**EXERCISE:**
Reproduce the data below exactly as written. Pictures do not belong in the copy.

**GIVEN INFORMATION:**
◆ ◆ ◆

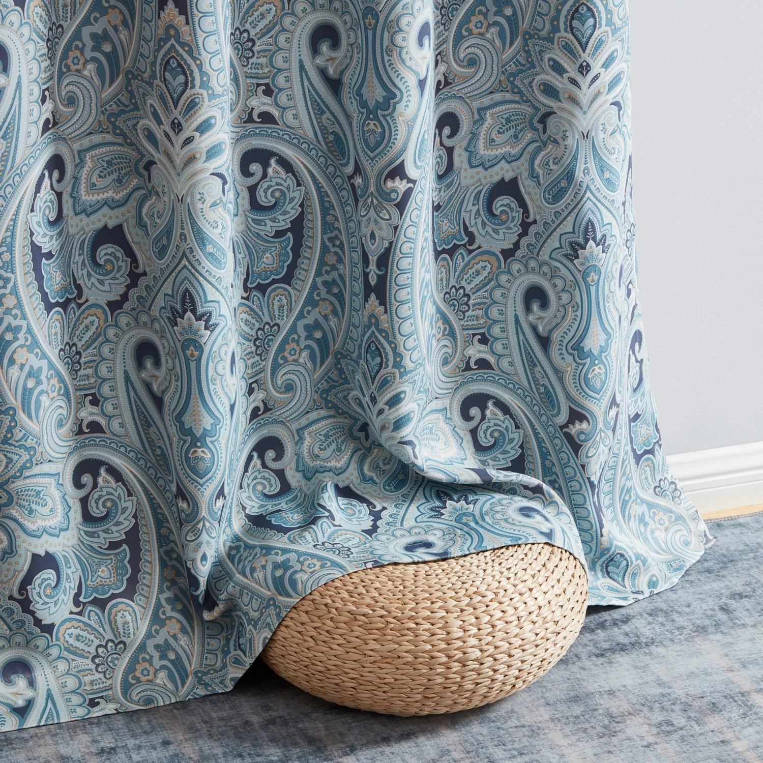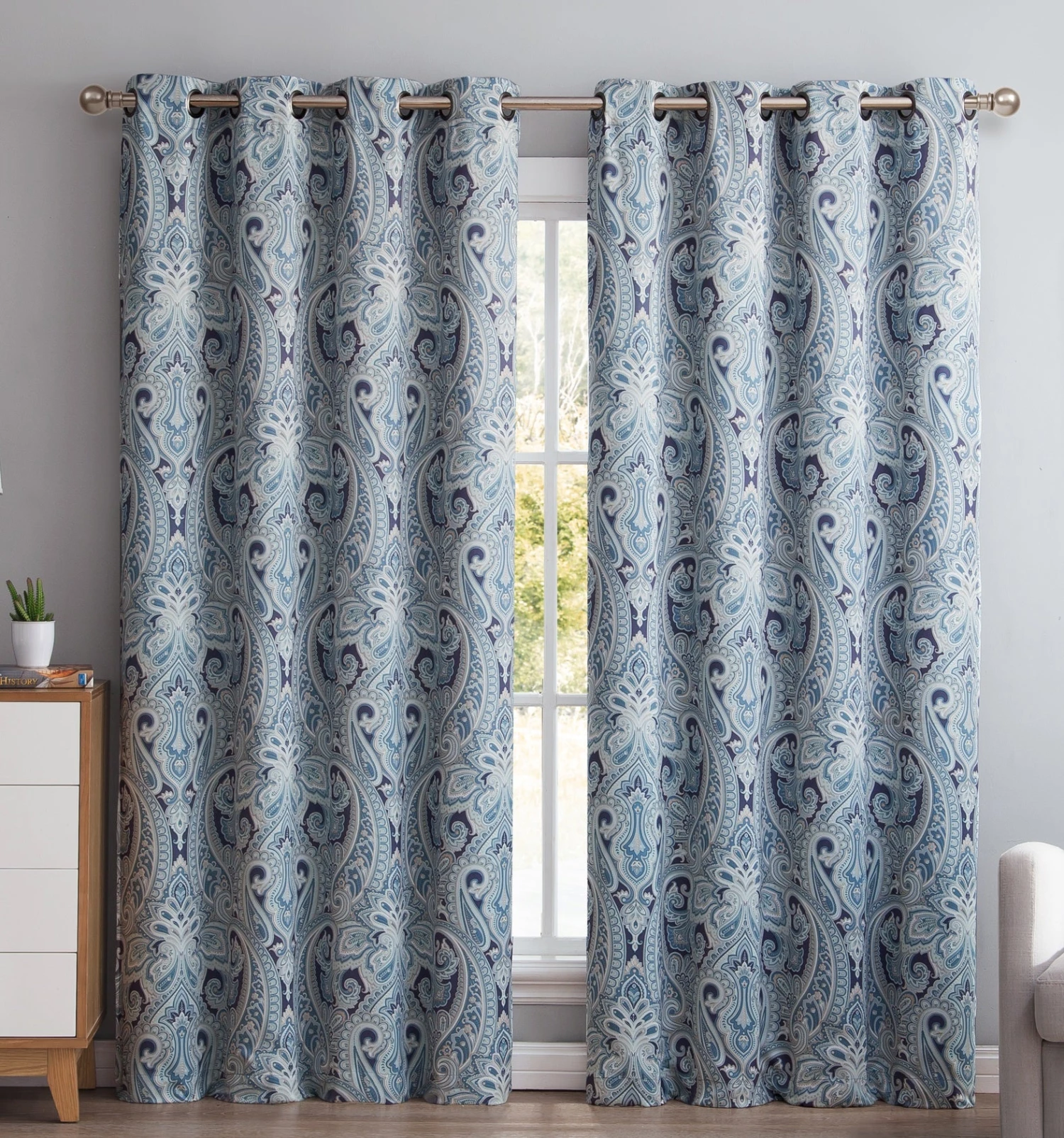 These paisley blackout grommet top curtains are manufactured as a triple weave technology. A triple weave technology is a denser fabric and is tightly sewn together with black yawns to insulate the heat and cold from entering and to achieve its blackout capabilities. The blackout grommet top curtain panel blocks out 85% of light for a great night sleep. Perfect for anyone who is a daytime sleepers who works at night and for any afternoon naps. A great add to a living room, bedroom, childs room, playroom and workplace.
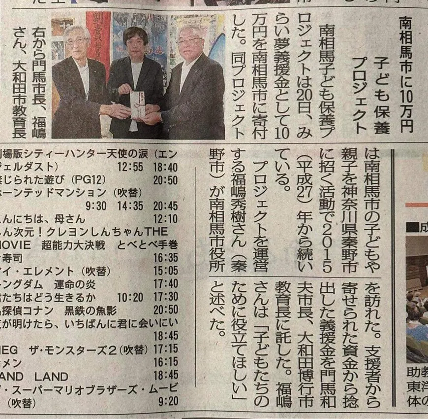 このプロジェクトは往復新幹線や滞在費などは募金活動や周囲の方たちからのご協賛により今まで神奈川県へ8回ご招待。「海」と「山」で遊ぶことをテーマにしたこの活動は過去、神奈川県秦野市や福島県南相馬市の教育委員会の後援を受けたこともあり、両市長のご理解をいただき活動させていただきました。2015年以来、南相馬市へ寄付させていただいております。
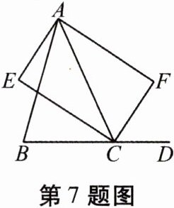 7. 如图,过 $ \triangle ABC $ 的顶点 $ A $ 分别作 $ \angle ACB $ 及 $ \triangle ABC $ 的外角 $ \angle ACD $ 的平分线的垂线,垂足分别为 $ E $,$ F $,求证:四边形 $ AECF $ 是矩形。

◆ ◆ ◆

**RESPONSE BELOW:**
 These paisley blackout grommet top curtains are manufactured as a triple weave technology. A triple weave technology is a denser fabric and is tightly sewn together with black yawns to insulate the heat and cold from entering and to achieve its blackout capabilities. The blackout grommet top curtain panel blocks out 85% of light for a great night sleep. Perfect for anyone who is a daytime sleepers who works at night and for any afternoon naps. A great add to a living room, bedroom, childs room, playroom and workplace.
 このプロジェクトは往復新幹線や滞在費などは募金活動や周囲の方たちからのご協賛により今まで神奈川県へ8回ご招待。「海」と「山」で遊ぶことをテーマにしたこの活動は過去、神奈川県秦野市や福島県南相馬市の教育委員会の後援を受けたこともあり、両市長のご理解をいただき活動させていただきました。2015年以来、南相馬市へ寄付させていただいております。
 7. 如图,过 $ \triangle ABC $ 的顶点 $ A $ 分别作 $ \angle ACB $ 及 $ \triangle ABC $ 的外角 $ \angle ACD $ 的平分线的垂线,垂足分别为 $ E $,$ F $,求证:四边形 $ AECF $ 是矩形。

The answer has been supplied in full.